What passes for good budget news these days

Sales tax revenue didn’t decline as much as in previous months.

In February, the state’s sales tax collections were down 8.8 percent compared with the same month a year earlier. Though still in the red, the February figure looked better than the previous months’ double-digit decreases that have put the state 13 percent behind last year’s collections six months into the budget year.

“One month certainly doesn’t make a trend, but it is encouraging to see that we are beginning to move in the right direction,” said [John Heleman , the Texas comptroller’s chief revenue estimator], who added that he expects to see sales tax growth starting this summer.

[…]

Even so, the state’s budget shortfall is expected to be about $11 billion at a minimum and could reach as high as $15 billion, John O’Brien, the executive director of the Legislative Budget Board, told the House Appropriations Committee.

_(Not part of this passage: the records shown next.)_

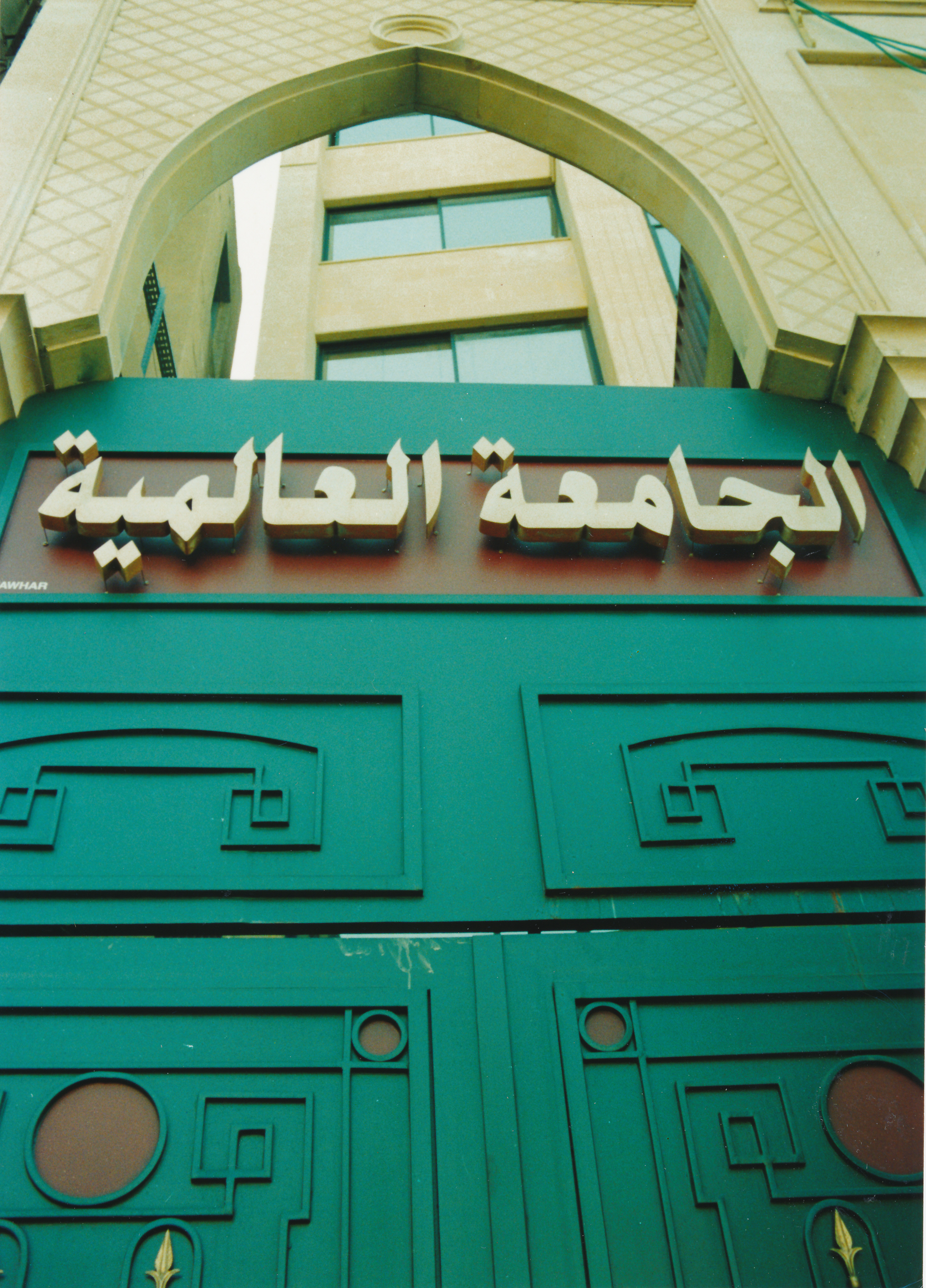 gu door
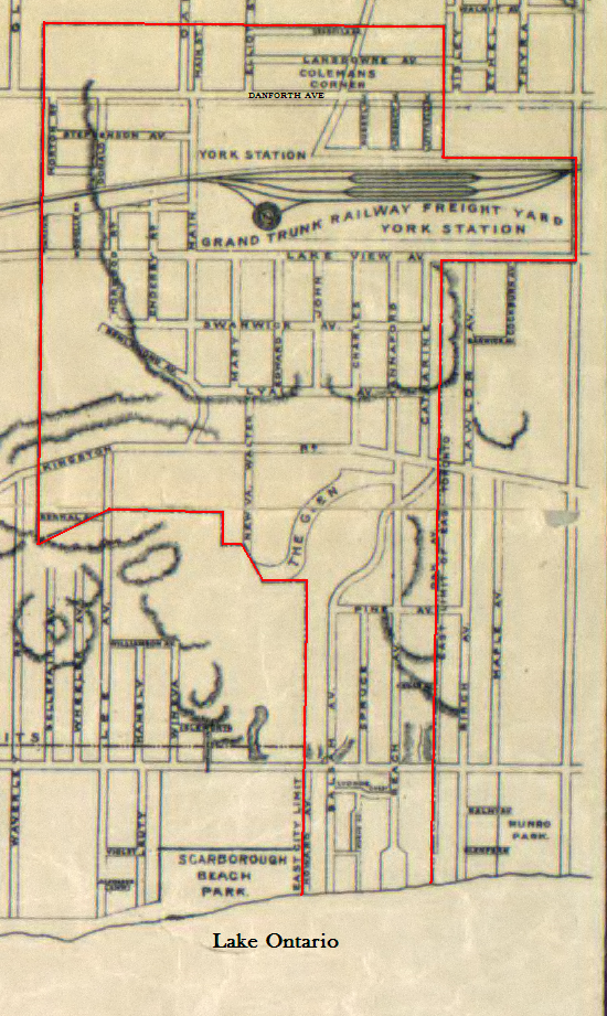 map of East Toronto - 1908 Plan of the City of Toronto
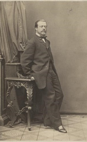 Alexander Rudolf Karl von Uexküll, the third mayor of Reval (modern-day Tallinn)
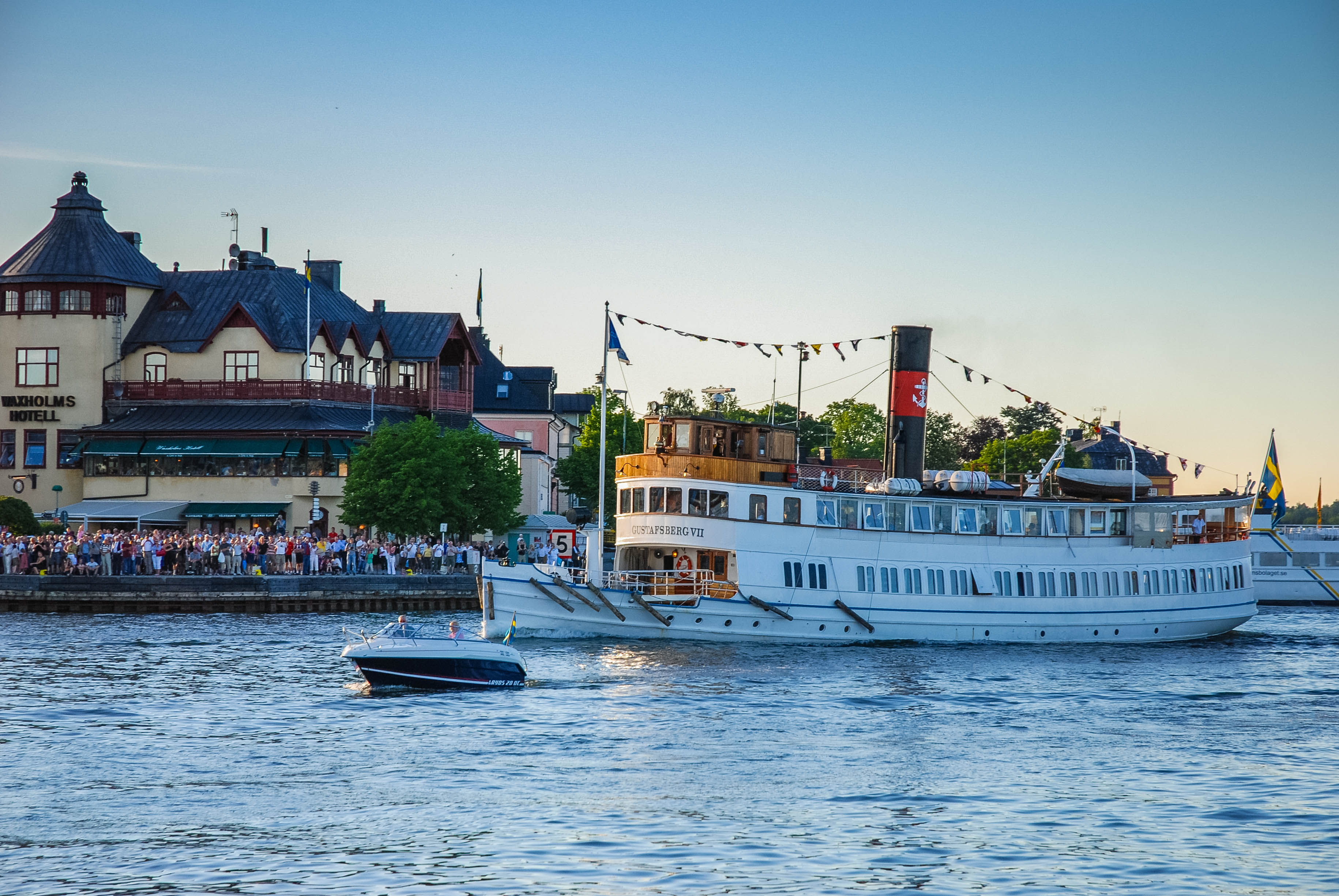 M/S Gustafsberg VII outside the town of Vaxholm, Sweden. Photo: Bengt Oberger
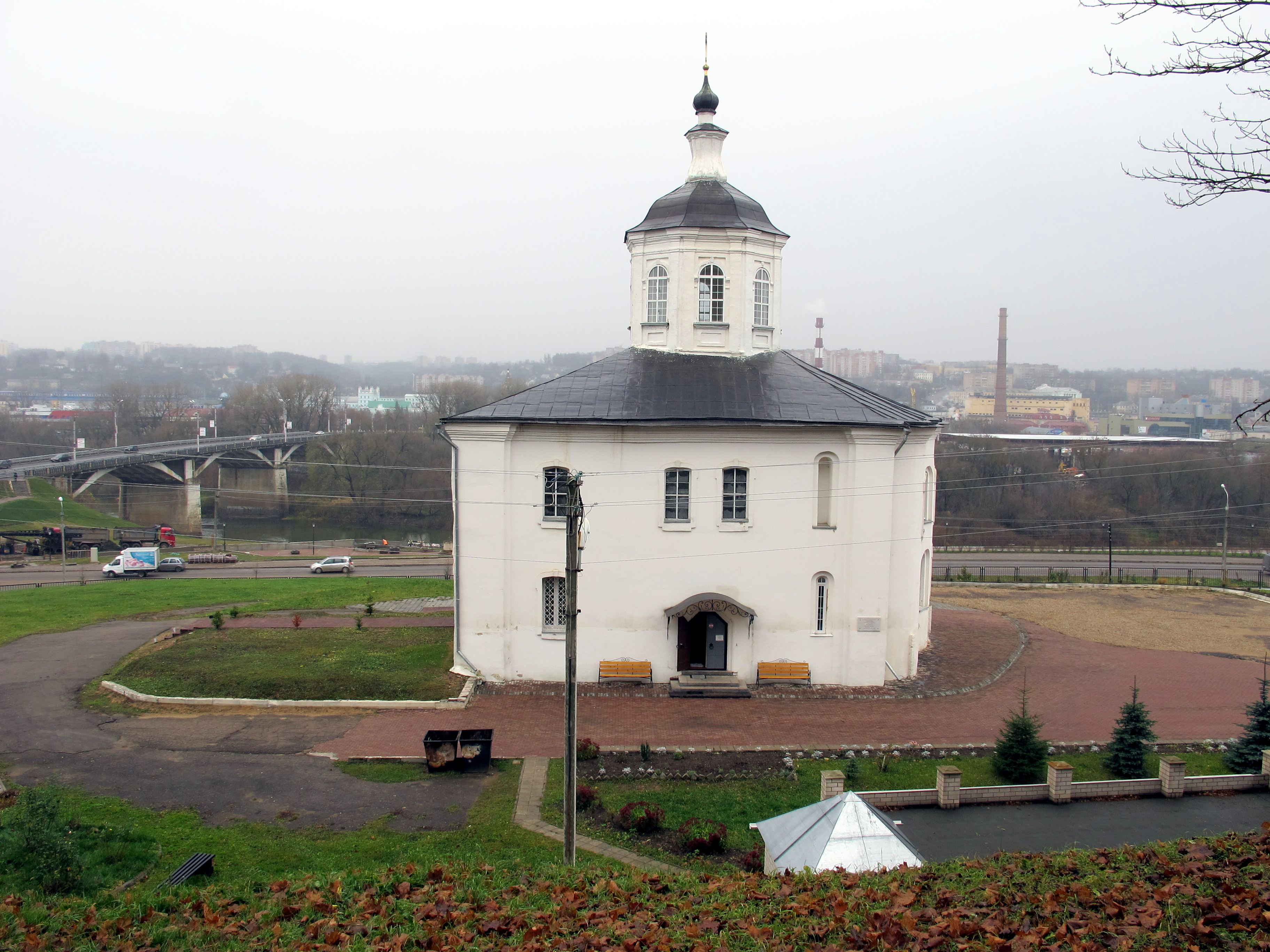 Saint John the Evangelist Church (Smolensk; 2013-11-08)
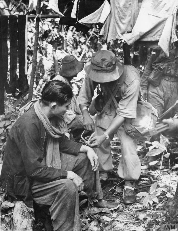 Two suspected communist terrorists after capture by a Malayan Police patrol in the jungle.

All things considered, an $11 billion hole isn’t as bad as it looks, assuming that the political will really is there to use the Rainy Day Fund. If so, then as outgoing Rep. Carl Isett is saying, 2011 won’t be as bad as 2003 was because the remaining gap is a much smaller percentage of the overall budget. It’s still really bad, though, and I’ll believe we’ll use the Rainy Day Fund when I see it, as any time a supermajority is needed it’s easy for things to not go as planned. Also, while using the Rainy Day Fund is clearly called for here, it doesn’t solve the underlying structural problems. That property tax cut is still costing billions more than the business margins tax is taking in. At least one of those things needs to be fixed or we’ll be right back where we started in 2013.